O primeiro livro em prosa de Dias de Melo, Mar Rubro, foi editado precisamente há cinquenta anos. Inaugura o denominado ciclo da baleia, do qual faz parte a mais emblemática obra do autor, Pedras Negras, vinda a público no ano já distante de 1964. Seguir-se-ia, volvida mais de uma década, em 1976, Mar Pela Proa. Não resistimos, porém, a introduzir, neste mesmo ciclo, o volume Vida Vivida em Terras de Baleeiros, de 1983, uma extraordinária monografia historiando a saga da caça ao cachalote na ilha do Pico desde os tempos do lendário capitão Anselmo.
O universo das «crónicas romanceadas» de Mar Rubro, é o sul do Pico, mais concretamente a freguesia da Calheta de Nesquim, terra natal do autor. É por isso que descreve com alguns dos seus melhores textos essa pequena localidade, isolada, como tantas outras, na costa da «ilha negra», sem nada que a notabilizasse, sem especial recurso ou nenhuma glória que não fosse a bravura dos seus homens. «Todavia são belos os seus matos, que, lá no alto, no interior da ilha, se requebram em curvas gráceis de oiteiros e montes, e montanhas, revestidos de verduras, ou se alargam em extensos vales silenciosos, atapetados de amplos relvados, marchetados de compridos renques de cedros e azevinhos e, de onde em onde, purificados pela bênção das águas tranquilas e transparentes de charcos, paúis e lagoas».
As noites de temporal no pequeno povoado, onde em muitas casas as vidraças estavam iluminadas pelas candeias de azeite de baleia, quando o vento parecia rebentar portas e janelas e o mar, na costa, parecia tragar a terra.
E são as longas tardes na casa dos botes escutando as façanhas dos mais velhos: Mestre José Faidoca, a quem o nosso autor chama Mestre dos mestres, pela valentia e pela confiança que incutia aos homens da sua companha nos momentos decisivos; Capitão Medina, que regressara depois de muitos anos emigrado nos Estados Unidos, estabelecido em S. Diego da Califórnia, onde prosperou na pesca do atum, fôra voluntário na Segunda Guerra Mundial e alcançara o posto de Commander da Marinha de Guerra daquele país; João Caçolha, Mestre João Silveira, Mestre João Graxinha, entre muitos outros.
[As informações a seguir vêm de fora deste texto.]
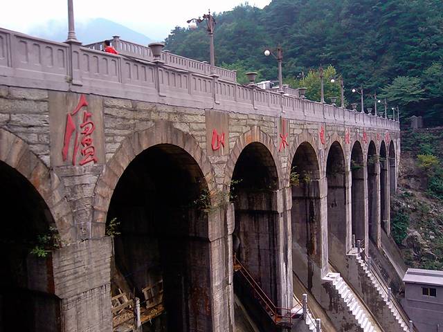 过了悬索桥,可游览石门涧,也可坐索道或是步行到达电站大坝。绝大部分游记都不推荐游石门涧,一是距离远,二是景色一般。所以我们选择徒步前往电站大坝。
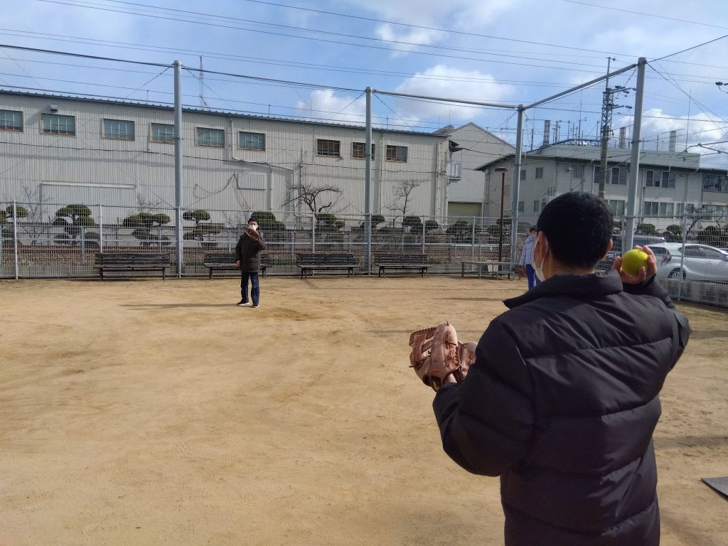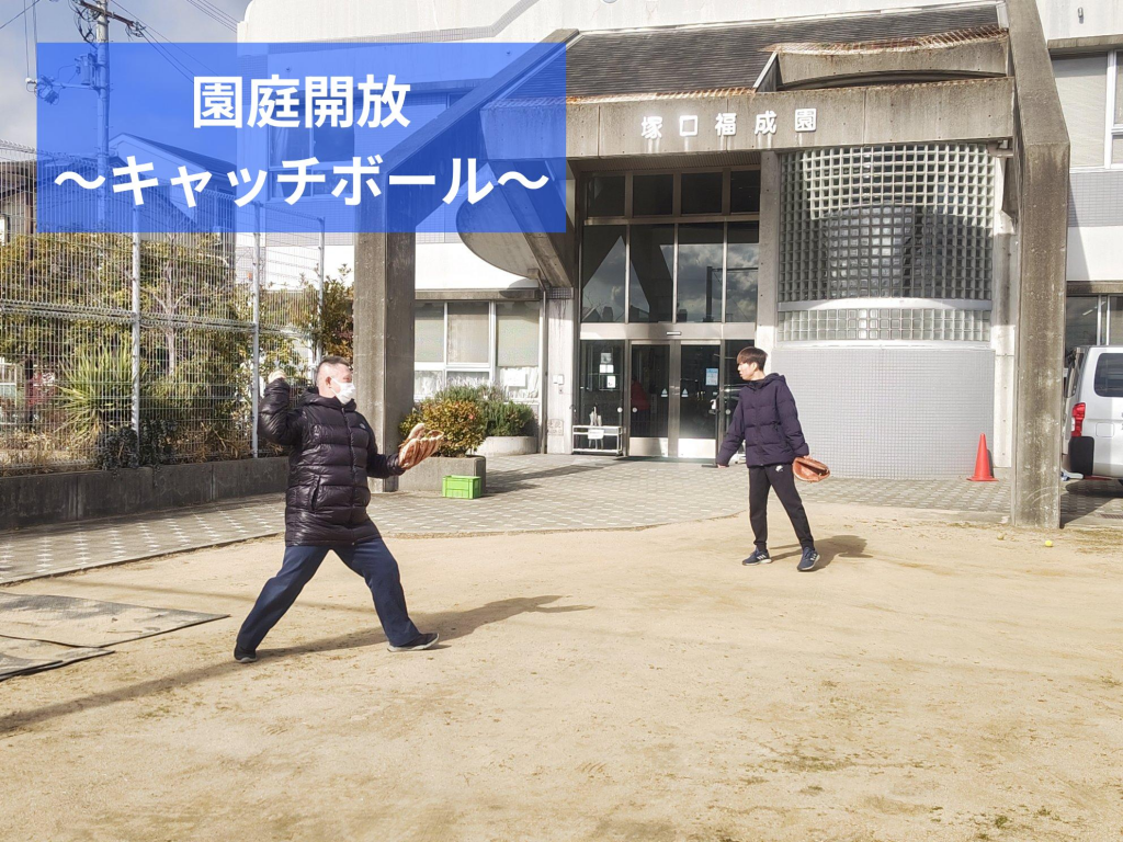 毎月1回昼食休憩時に園庭をレクリエーションで使用できるようにしています。今回はキャッチボールをしました。寒いのでなかなか体を動かす機会が少ない時期ですが、参加者はみなさま笑顔で楽しんでおられました。
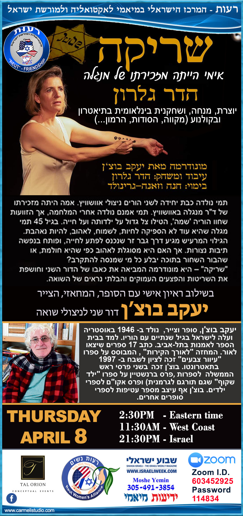 במידה ותתבקשו להכניס סיסמא: 114834 (Zoom I.D. 603-452-925)
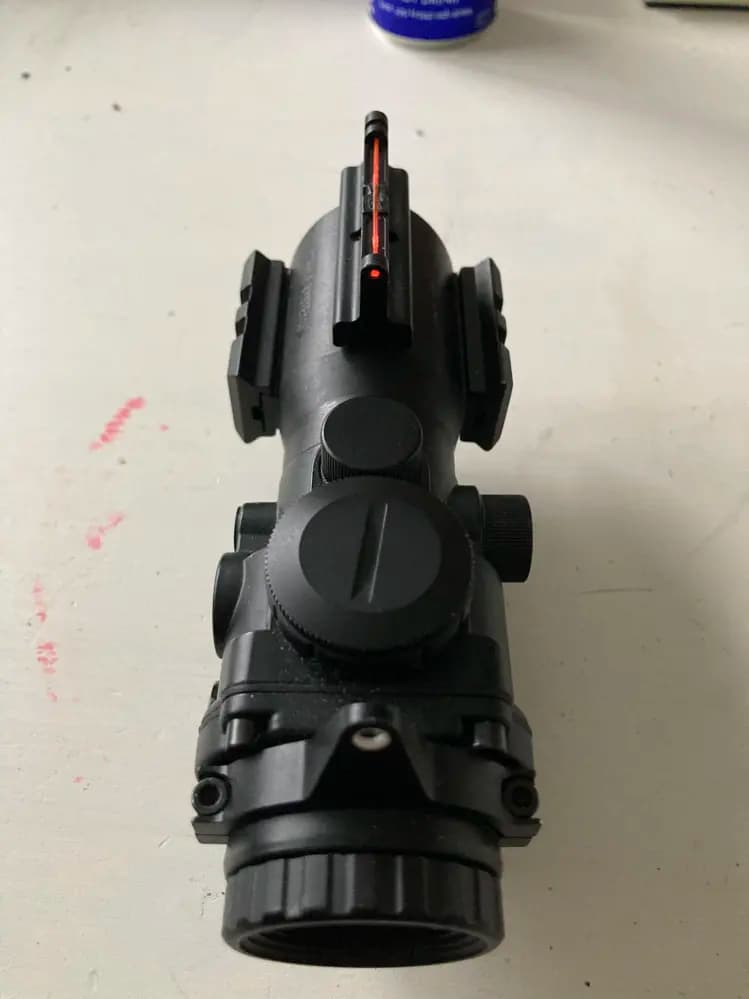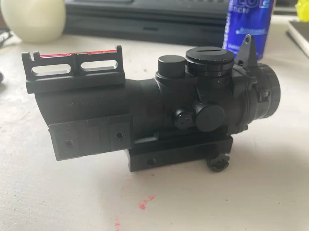 Strike Systems ACOG kopia. Belyst med 4x32 förstoring. Nypris runt 2300kr. Funkar som det ska, saknar främre skruv, sitter dock som berget med bara en skruv. Finns att hämta i Mullsjö. Kan ev. tas med till Tidaholm. Kan även skickas om så önskas.

Mas seria sem qualquer dúvida a memória da infância, quando o povo da freguesia despertava subitamente e corria desde as terras mais elevadas, ou das casas térreas, corria pelos carreiros íngremes na pressa de arriar os botes com seus apetrechos, os remos, as celhas, os arpões, reunir os sete homens da cada embarcação, seis remadores, mais o esparrela que à popa segurava o leme, içar as velas, ou, nos tempos mais recentes, esperar que arrancassem os motores da gasolina, para então, apressadamente amarrados, zarparem primeiro que os seus mais directos competidores, os «ribeiras», e os «vilas» das Lajes. «Para que assim acontecesse, bastaria (...) ter ouvido, em dias repetidos, o estalar do foguete no céu azul da minha freguesia e aquele grito vibrante, estranhamente vibrante, repetido por dezenas e dezenas de vozes – baleia! baleia! (...) a imagem, cheia de movimento, dos baleeiros a correrem, a correrem como loucos, de saquinhas de chita e casacos de cotim, frocas de angrim, sueras de lã dependuradas dos braços, a caminho do porto, a caminho do mar.»
Depois de arpoada a baleia, quando havia casa de derreter na Calheta, o esforço brutal, em dias de sol, a rasgar o cetáceo, começando por separar do corpo a grande cabeça, retirar o toicinho, aproveitar o esparmacete, o óleo mais valioso, tudo isto suportando o indiscritível fedor da carne esfacelada desse animal gigantesco. «Jorrava o sangue, quando as baleias eram decepadas e esfoladas, espirravam gorduras, quando as cabeças eram abertas, vazadas, esquartejadas, desventravam-se vísceras, à medida que os escalhos inchavam e apodreciam». Então as águas tingidas de sangue tomavam uma cor avermelhada em redor do pequeno porto, a cor rubra.
Dias de Melo é hoje um autor com obra que se reparte por mais de vinte títulos que incluem a poesia, o conto, a crónica, narrativa de viagem, etnografia. Porém, no seu coração houve sempre um espaço predilecto para os baleeiros do Pico.
Mário Machado Fraião
1 comentário:
FAR, que me dizes da decadência que vai pelo teu blogue que até já se dedica aos "ciclos da baleia"?